#### [Records shown]
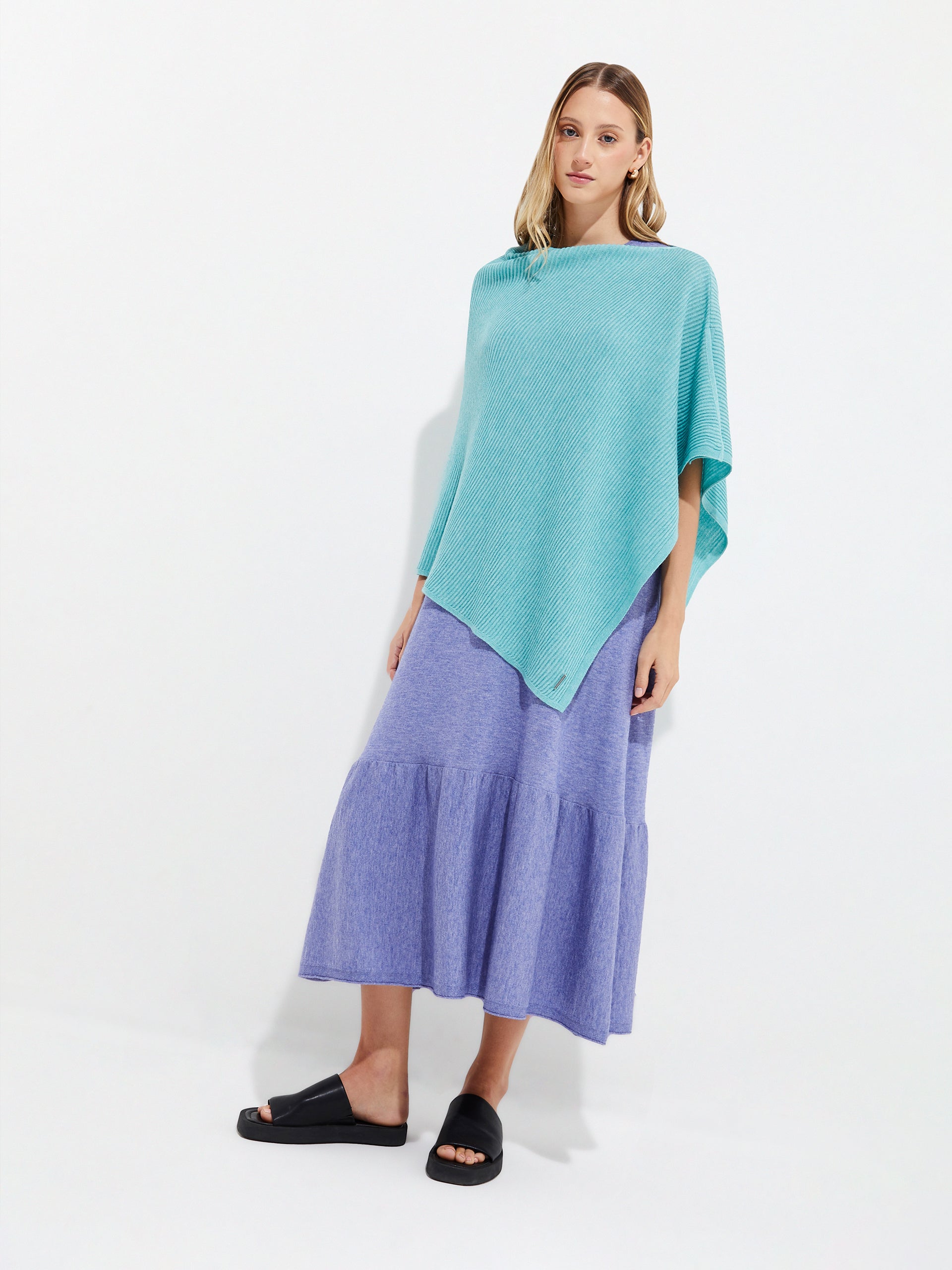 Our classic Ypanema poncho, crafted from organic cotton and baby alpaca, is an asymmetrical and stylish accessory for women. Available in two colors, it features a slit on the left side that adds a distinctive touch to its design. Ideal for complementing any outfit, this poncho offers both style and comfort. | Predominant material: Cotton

==

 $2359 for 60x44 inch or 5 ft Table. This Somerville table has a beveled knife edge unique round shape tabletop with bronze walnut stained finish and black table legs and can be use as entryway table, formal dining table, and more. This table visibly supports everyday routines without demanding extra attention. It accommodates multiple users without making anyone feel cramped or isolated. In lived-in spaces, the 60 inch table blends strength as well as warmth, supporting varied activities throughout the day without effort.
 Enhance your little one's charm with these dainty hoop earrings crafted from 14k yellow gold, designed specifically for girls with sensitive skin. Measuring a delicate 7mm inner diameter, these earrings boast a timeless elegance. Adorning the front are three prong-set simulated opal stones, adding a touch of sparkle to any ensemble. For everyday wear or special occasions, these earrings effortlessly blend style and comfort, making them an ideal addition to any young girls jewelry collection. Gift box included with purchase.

==

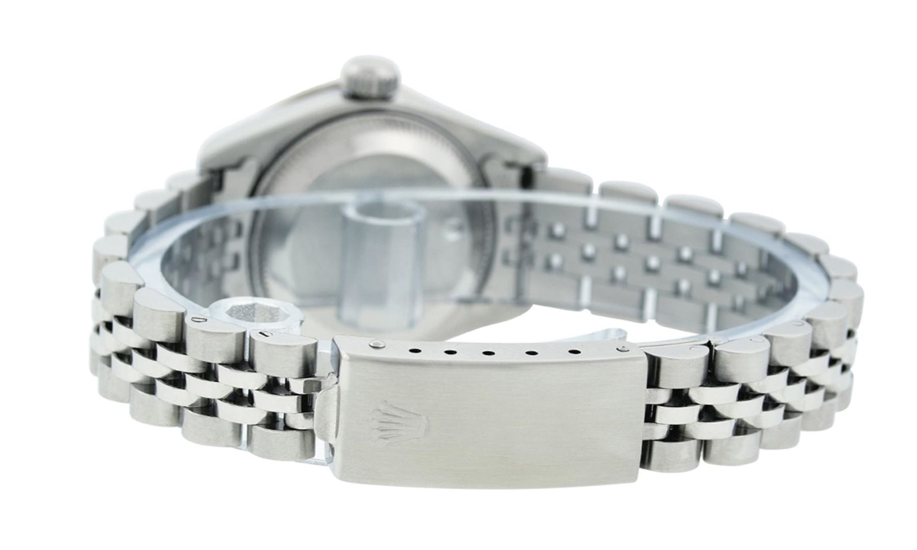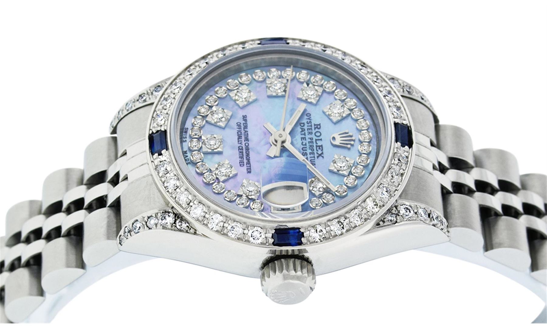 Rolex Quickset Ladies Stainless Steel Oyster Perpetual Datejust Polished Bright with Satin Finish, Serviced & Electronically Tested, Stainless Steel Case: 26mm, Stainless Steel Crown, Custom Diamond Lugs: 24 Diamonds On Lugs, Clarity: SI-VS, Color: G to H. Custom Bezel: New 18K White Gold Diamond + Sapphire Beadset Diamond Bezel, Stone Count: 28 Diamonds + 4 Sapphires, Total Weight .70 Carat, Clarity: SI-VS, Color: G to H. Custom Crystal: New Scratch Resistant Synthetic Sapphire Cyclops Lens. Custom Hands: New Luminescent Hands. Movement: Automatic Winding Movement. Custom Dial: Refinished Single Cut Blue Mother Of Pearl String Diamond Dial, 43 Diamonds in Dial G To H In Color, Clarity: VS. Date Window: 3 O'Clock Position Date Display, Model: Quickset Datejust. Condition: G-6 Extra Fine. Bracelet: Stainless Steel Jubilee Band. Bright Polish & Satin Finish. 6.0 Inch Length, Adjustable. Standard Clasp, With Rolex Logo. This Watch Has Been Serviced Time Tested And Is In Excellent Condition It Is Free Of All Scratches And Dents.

#### [Task description]
Whenever a line in the entries above includes the word "everyday", pull that line out.

#### [Solution to the exercise]
 $2359 for 60x44 inch or 5 ft Table. This Somerville table has a beveled knife edge unique round shape tabletop with bronze walnut stained finish and black table legs and can be use as entryway table, formal dining table, and more. This table visibly supports everyday routines without demanding extra attention. It accommodates multiple users without making anyone feel cramped or isolated. In lived-in spaces, the 60 inch table blends strength as well as warmth, supporting varied activities throughout the day without effort.
 Enhance your little one's charm with these dainty hoop earrings crafted from 14k yellow gold, designed specifically for girls with sensitive skin. Measuring a delicate 7mm inner diameter, these earrings boast a timeless elegance. Adorning the front are three prong-set simulated opal stones, adding a touch of sparkle to any ensemble. For everyday wear or special occasions, these earrings effortlessly blend style and comfort, making them an ideal addition to any young girls jewelry collection. Gift box included with purchase.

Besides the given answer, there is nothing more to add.